Vermont residents who live in towns too small to operate district high schools may now use public funds to send their children to faith-based private schools.
The Education Agency of Vermont recently told school administrators that they must comply with a 2022 U.S. Supreme Court decision that struck down a Maine law banning religious schools from participating in town tuitioning programs.
“Requests for tuition payments for resident students to approved independent religious schools or religious independent schools that meet educational quality standards must be treated the same as requests for tuition payments to secular approved independent schools or secular independent schools that meet educational quality standards,” the agency’s Sept. 13 letter said. A list of approved independent schools on the website showed 15 religious schools.
Rural and sparsely populated, Vermont and Maine have programs that offer scholarships to families in areas that don’t operate public high schools so they can send their kids to public or private schools elsewhere.
However, both states prohibited the money from being spent on religious schools, so parents who wanted a faith-based education for their kids were forced to pay out of pocket.
In 2018, a group of parents challenged the Maine program.
Several Vermont parents also filed similar lawsuits.

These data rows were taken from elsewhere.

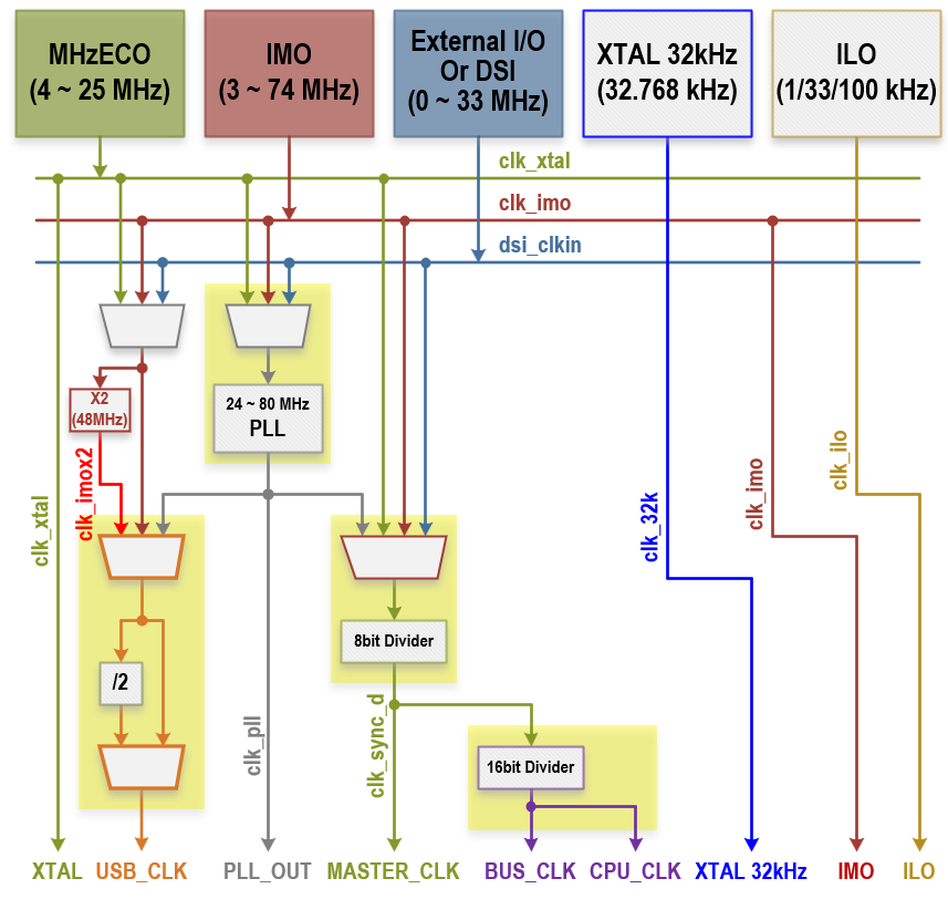 - Master Clock: The primary source for generating all other PSoC clocks (including bus clock). It has the highest or equal frequency to all other PSoC clocks.
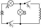 如图所示,A、B是两盏完全相同的白炽灯,L是电阻不计的电感线圈,如果断开电键S1,闭合S2,A、B两灯都能同样发光.如果最初S1是闭合的,S2是断开的.那么,可能出现的情况是![]()
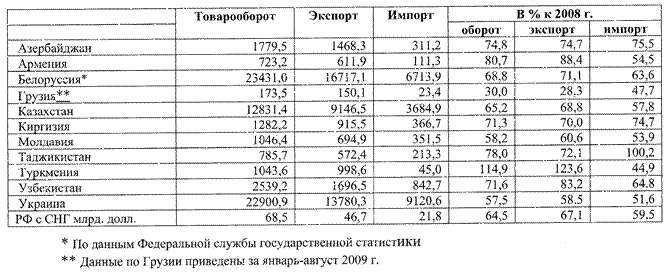За 2009 год товарооборот России со странами СНГ составил 68,5 млрд. долл.
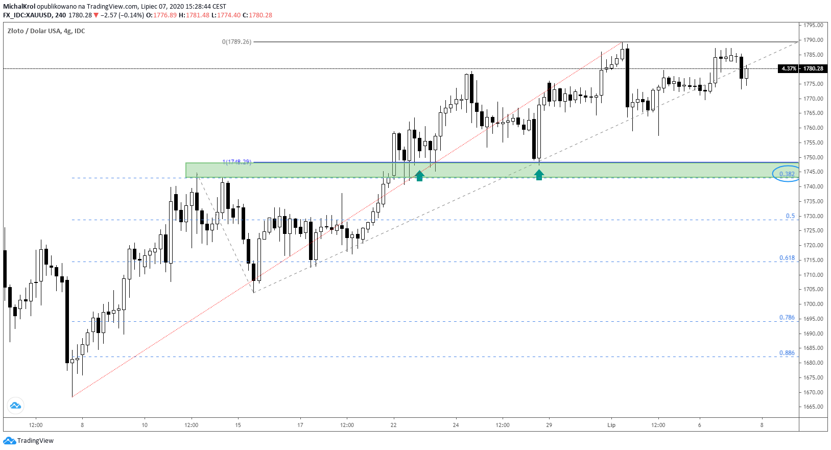 Przygotowany jest również scenariusz z układem korekcyjnym OneToOne. Strefa wsparcia na ten moment wypada w okolicy lokalnego dołka po cenie 1745 USD. Na tą chwilę bardziej prawdopodobne wydaje się być wybicie górą, jednak warto być również przygotowanym na zmianę tendencji w kierunku południowym.
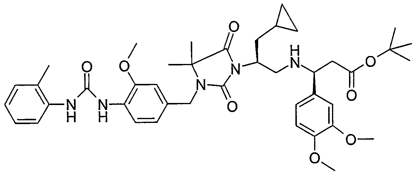 TOF ES(+)-MS: 730,58 (Этил-3-(2-(4,4-диметил-3-(4-(3-(2-метилфенил)уреидо)-3-метоксибензил)-2,5-диоксоимидазолидин-1-ил)-3-циклопропилпропиламино)-3-(3,4-диметоксифенил)пропионат + Н)+.
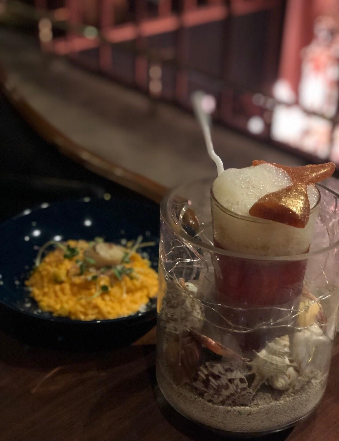 🍸The Little Mermaid 小美人魚 - 用玻璃罐裝著貝殼與沙和真正的主角,酸甜口感也是好喝順口,應該有檸檬和洛神花在裡面:)
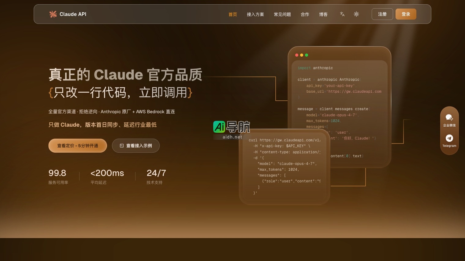 国内直连 Claude API,一键配置立即可用。99.9% 稳定性,低于 200ms 平均延迟,支持 Claude 全系列模型,支付宝/微信充值,24/7 技术支持。

In June 2021, the U.S. Court of Appeals for the Second Circuit struck down the prohibition against religious schools in the case A.H. v. French, brought by four Catholic high school students, their parents, and the Diocese of Burlington.

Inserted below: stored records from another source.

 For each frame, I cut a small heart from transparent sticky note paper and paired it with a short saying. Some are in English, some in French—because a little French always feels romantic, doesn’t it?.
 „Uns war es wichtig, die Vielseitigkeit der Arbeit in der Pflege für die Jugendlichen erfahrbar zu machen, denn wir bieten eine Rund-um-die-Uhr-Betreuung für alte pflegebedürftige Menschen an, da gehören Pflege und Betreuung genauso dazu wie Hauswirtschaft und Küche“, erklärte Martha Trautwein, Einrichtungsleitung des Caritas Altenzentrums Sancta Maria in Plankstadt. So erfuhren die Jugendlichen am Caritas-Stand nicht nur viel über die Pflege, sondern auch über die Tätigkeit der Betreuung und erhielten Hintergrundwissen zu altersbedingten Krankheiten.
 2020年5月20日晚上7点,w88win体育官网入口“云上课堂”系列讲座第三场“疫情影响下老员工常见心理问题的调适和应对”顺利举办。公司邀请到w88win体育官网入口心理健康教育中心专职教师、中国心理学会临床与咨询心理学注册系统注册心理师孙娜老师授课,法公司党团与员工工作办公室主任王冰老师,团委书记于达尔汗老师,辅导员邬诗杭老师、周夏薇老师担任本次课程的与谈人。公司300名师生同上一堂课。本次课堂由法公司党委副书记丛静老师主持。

However, the Maine lawsuit, Carson v. Makin, was the one that made it to the U.S. Supreme Court and settled the issue nationally.
In that case, the high court ruled that education choice programs could not exclude schools based on religious instruction or activities, calling it “discrimination against religion.” A landmark U.S. Supreme Court ruling in 2020, Espinoza v. Montana Department of Revenue, struck down bans on education choice scholarships based on a school’s religious status but stopped short of addressing the issue of religious use.

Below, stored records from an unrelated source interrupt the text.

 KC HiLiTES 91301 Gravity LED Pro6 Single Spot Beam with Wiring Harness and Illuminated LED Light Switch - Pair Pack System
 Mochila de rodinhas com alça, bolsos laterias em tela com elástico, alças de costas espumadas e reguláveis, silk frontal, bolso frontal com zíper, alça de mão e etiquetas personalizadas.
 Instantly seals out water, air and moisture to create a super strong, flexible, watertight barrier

The Supreme Court ruling in the Maine case reverberated across Vermont, and was cited as the reason for the policy change there.
The decision also drew praise from the American Federation for Children, a national education choice advocacy group.
“Every family deserves the right to choose the best K-12 education for their children, and we are encouraged to see the Vermont Agency of Education stipulate that families in tuitioning programs can choose religious schools,” said Shaka Mitchell, the federation’s director of state strategy and advocacy. “After a hard-fought battle in Maine, the Supreme Court has resoundingly confirmed this right, and we are thrilled that Vermont families will be able to access a fuller range of options as well. We hope other states will join Vermont and follow the ruling of the Supreme Court by ensuring all students can learn in the educational setting that best meets their needs.”
Maine Attorney General Aaron Frey responded to the Carson v. Makin ruling with a statement that schools must comply with the Maine Human Rights Act to receive funds. That law bans discrimination based on race, gender, sexual orientation, ethnicity, or disability, which contradicts some schools’ religious beliefs. As a result, the two schools that were part of that case have refused to participate in the tuitioning program.
However, Cheverus High School, a Jesuit college preparatory school in Portland, this week became Maine’s first religious school approved for funding. Though a Catholic school, Cheverus is not governed by the Diocese of Portland.